В.Г. На самом деле, «наонъ» петь легче: она более вокальна, поскольку благодаря огласовкам в ней больше гласных звуков. Это изначальная редакция знаменного пения, а наречная традиция появилась значительно позже, она уже вторична. Наонная традиция – исконная; она изначально и органически связана со знаменным пением. Есть филологические, музыковедческие работы, в которых происхождение наонной редакции подробно исследовано и описано. Поэтому, когда говорят, что «наонъ» возник в 15 или 16 веке, – это неверно. Другое дело, что примерно в это время его стали систематически записывать, отображать на письме: вместо «ъ» и «ь» писать «о» и «е». Раньше «на онъ» существовал как устная традиция: огласовки полугласных передавались в живом опыте от учителя к ученику. Буквы «ер» и «ерь» вокализировали изначально, т.е. никогда не было такого этапа в древнерусском церковном пении, когда полугласные не пропевались бы : об этом говорит простановка над ними певческих знаков в певческих рукописях начиная с самых древних.

К.Е. Когда открываешь знаменные сборники наречной традиции, то кажется, что читать крюки легко, просто пой то, что написано, а от наонных сборников ощущение, что это пение построено на импровизации.

Д.Г. Возможно, Вы говорите о подголосках? Как раз в певческих сборниках они практически не отражены, а слышны уже в самом пении.

К.Е. Да, подголоски кажутся самым сложным моментом.

Д.Г. Действительно, в наречной традиции подголосков нет – за исключением пения в общинах липован и некрасовцев.

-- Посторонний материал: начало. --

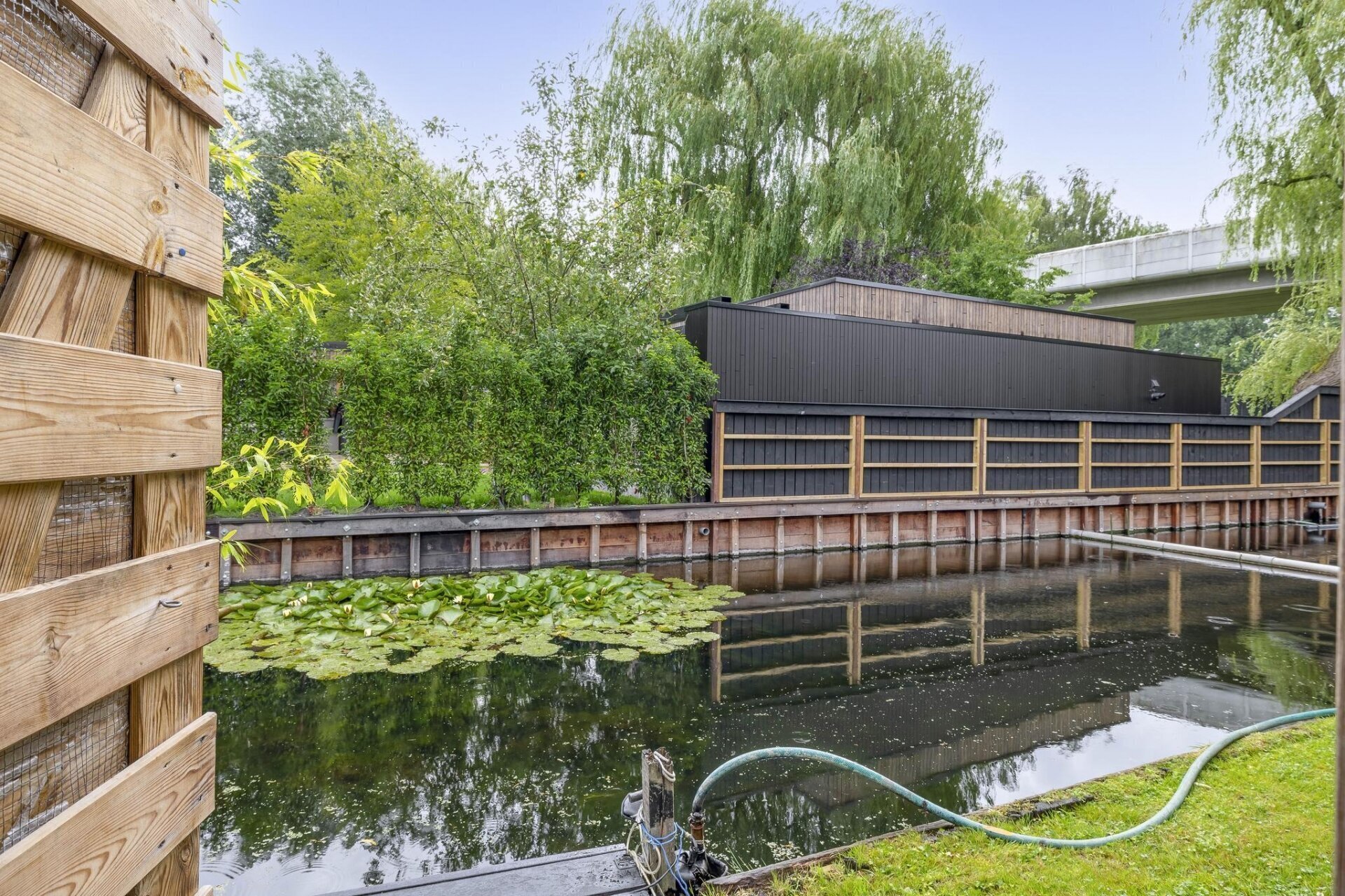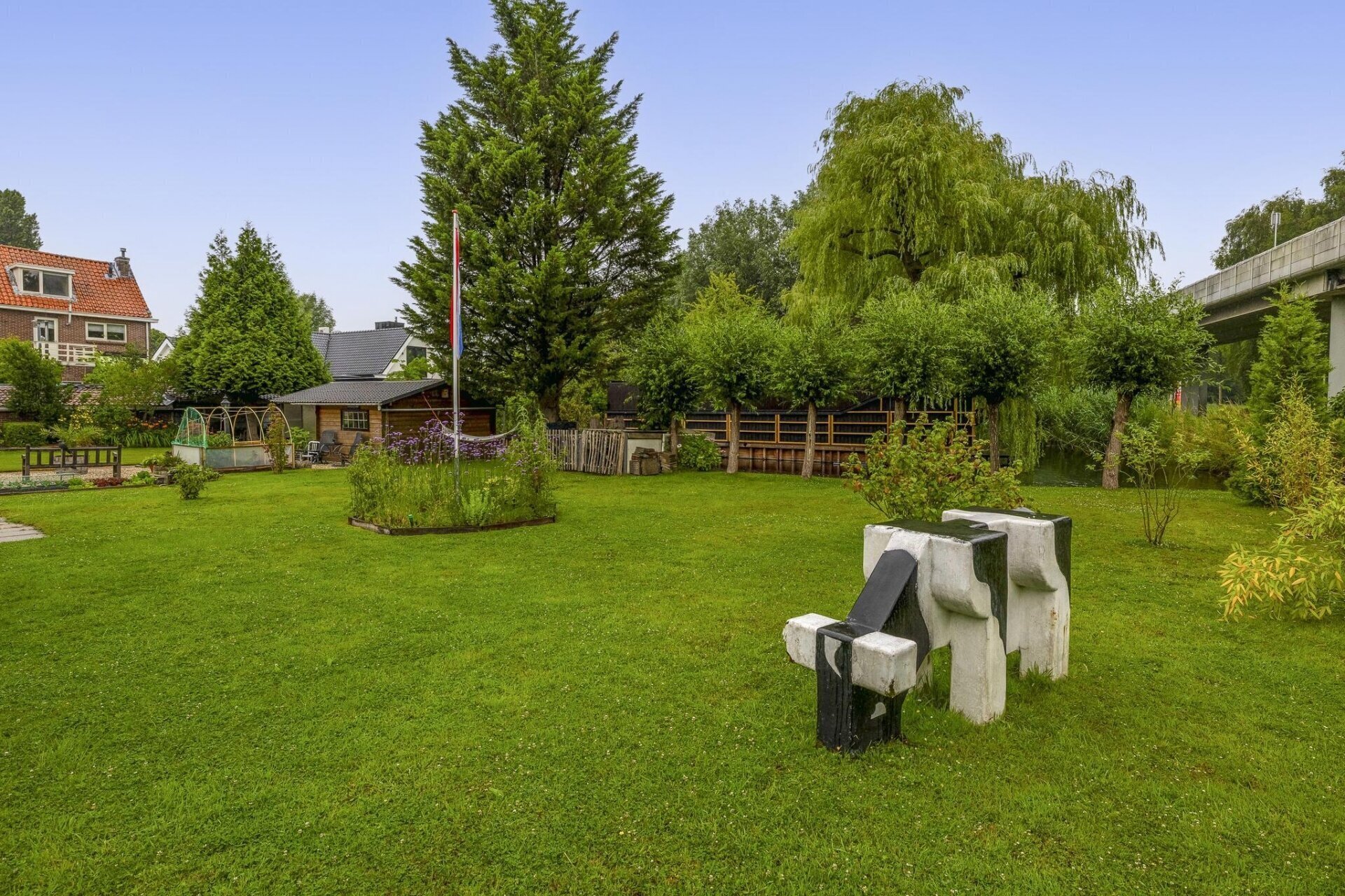De riante achtertuin is gelegen aan het water en bestaat grotendeels uit gazon.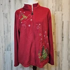 Celebrate the holiday season in style with this festive Breckenridge red fleece jacket. Designed for warmth and charm, it features a cozy sherpa-lined collar and intricate embroidered details, including a prancing reindeer, Christmas trees, and snowflakes. Perfect for holiday gatherings or casual winter outings. Brand: Breckenridge Size: Large (Women's) Material: 100% Polyester Color: Red Features: Sherpa-lined collar for added warmth Full-zip front with decorative pull charm Embroidered reindeer, Christmas trees, and swirling snowflakes Side pockets Measurements: Bust (pit to pit): Approx. 21 inches Length (shoulder to hem): Approx. 26 inches Condition: Pre-owned, gently worn, in excellent condition with no noticeable flaws. #BreckenridgeJacket #ChristmasJacket #RedFleeceJacket #SherpaCollar #HolidayFashion #ReindeerEmbroideredJacket #ChristmasGiftIdea #WinterWardrobe #WomenLarge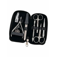 Стильный и удобный мужской маникюрный набор Zinger 8105 — идеальный выбор для повседневного и дорожного ухода. Все инструменты изготовлены из прочной нержавеющей стали марки AISI 420 (40Х13) с термической закалкой, что обеспечивает их износостойкость, упругость и долговечность.

В.Г. Подголоски в наонном пении достаточно стабильны – это не то, что каждый раз ты импровизируешь заново. Многие попевки имеют определенные варианты подголосков. Эти подголоски можно петь или не петь, можно, чтобы один человек пел подголосок, а другие певцы – основную мелодию. Что же касается сложности той или иной древнерусской традиции пения – я думаю, что какой традициичеловек учился изначально, та и кажется ему более легкой. Это чисто психологический момент.

Другое дело, что одно из основных свойств знаменного пения – ритмичность, мерность шага – связано как раз с наонной редакцией: из-за огласовок в ней больше слогов, и каждому из них соответствует отдельный певческий знак. Такое распределение словесного текста по певческим знакам и обеспечивает равномерное движение напева. А в поздних редакциях знаменного роспева, как в никоновской, так и у старообрядцев-поповцев , эта мерность отсутствует. Огласовки были изъяты, поэтому в наречном пении получилось иное соотношение текста и знаков – «где густо, где пусто».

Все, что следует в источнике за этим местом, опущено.